Астафьевский музей несомненно своеобразен. Он запоминается. И здесь наверняка всё хотелось сделать по принципу Валентины Ярошевской: не навязывать посетителю точку зрения, а подводить его к размышлению, чтобы он сам принимал решение. Однако форма музея работает уверенно, а содержание — со сбоями.

  Года три назад, посоветовал обязательно побывать в Овсянке, приехавшим на Красноярскую книжную ярмарку молодым московским журналистам и блогерам.

 Вернувшись, рассказывают. «Домик его, — говорят, — маленький. Жил писатель скромно. Ватник его до сих пор висит возле двери». Очень им понравился рассказ и экспозиция о детстве писателя. «Жалко его, — сочувствует блогерша, — рос в бедности». Попытался выведать у них главное: каким был Астафьев писателем и человеком? После некоторого замешательства, сказали: «Деревенским мужиком был. Воевал. Мог бы спиться, но стал знаменитым. Писатель из народа».

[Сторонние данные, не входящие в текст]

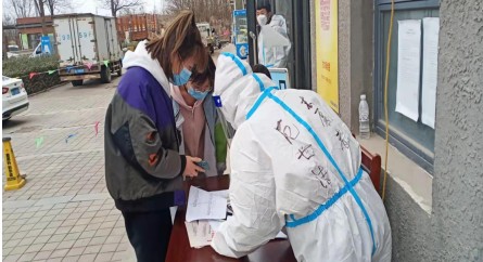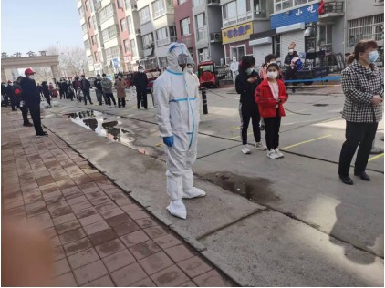 身穿防護(hù)服、正在為社區(qū)居民登記核對(duì)信息的志愿者是滄州開發(fā)區(qū)站黨員先鋒范世潔。收到抗疫召集令后,她將女兒托付給獨(dú)自在家的老人,連續(xù)多日在戶外進(jìn)行志愿服務(wù)。近兩日氣溫驟降,狂風(fēng)肆虐,春寒料峭的雨雪中,瘦小的她手指早已凍得發(fā)僵,但她依然堅(jiān)守在運(yùn)河區(qū)小王莊鎮(zhèn)小孔辛莊核酸檢測(cè)點(diǎn),為排隊(duì)核酸的居民進(jìn)行登記、測(cè)溫、記錄,協(xié)助醫(yī)護(hù)人員維持秩序,確保社區(qū)居民盡早盡快完成核酸采集。

  Удручённо киваю головой и тихо спрашиваю:    

 — А можете объяснить: за что его ненавидели? Вам рассказали об этом?

  В глазах моих собеседников неподдельная растерянность:

 — Кто ненавидел?

 — Да всё тот же народ, о котором вы только что сказали. Причём, ненависть доходила до настоящей травли. В газетах и на митингах его обзывали «предателем», «русофобом», «иудой», «антисоветчиком», даже требовали расстрелять. Звонили ему домой и издевались. Особенно усердствовали ночью. А ещё, в Овсянке, на старом кладбище, где похоронены его близкие, появлялись «почитатели», и били на надгробной родовой плите бутылки. Но кому-то и этого показалось мало. Начали долбить плиту ломом…

 — За что?! — недоумённо спрашивает блогерша.

 — Не всем, видно, нравилось, то что он говорил и о чём писал в своих книгах. Как жил тоже многих не устраивало… Однажды газета «Правда» написала, что он совсем оторвался от народа. Астафьев горько смеялся над этим: «Утром, встаю, из-за гор солнце выкатывается, петухи орут… Односельчане ковыляют угрюмые c похмелья — тоже часть пейзажа. Печку топлю, мусор выношу, дрова затаскиваю и отрабатываю за утро «кусок», который мне предстоит написать… Приходят два рыла, ломают oграду: «Сука, людям картошку негде садить, а он тут цветочки развёл». Куда я денусь от этого… Может и хотел бы оторваться, да как тут оторвёшься…». Позже он обронит: «Они меня ненавидят за то, что я живу не так, как они. А я не хочу так жить».

 — Значит: музей и памятник ему – это всё не правда?! – напирает на меня татуированный журналист, друг блогерши.

 — Правда. Ещё какая правда! – взволнованно тараторю я, боясь спугнуть, появившийся их интерес к писателю. — Астафьева при жизни очень многие любили. Большинство, наверное. Народ ведь у нас разный. Вы, наверное, не поверите, но тогда, изданную местным издательством, стотысячным тиражом, его «Царь-рыбу», пришлось распределять по талонам, как поощрение самых лучших. Обожание писателя доходило до того, что на его семидесятилетие город решил подарить ему огромный терем-особняк. Один из самых красивых домов Красноярска. Настоящий памятник архитектуры. Но Астафьев сразу отказался, посоветовав разместить в нём Литературный музей. Так в последствии и сделали. Не захотел он также, чтобы его именем называли самолёт, теплоход, школу…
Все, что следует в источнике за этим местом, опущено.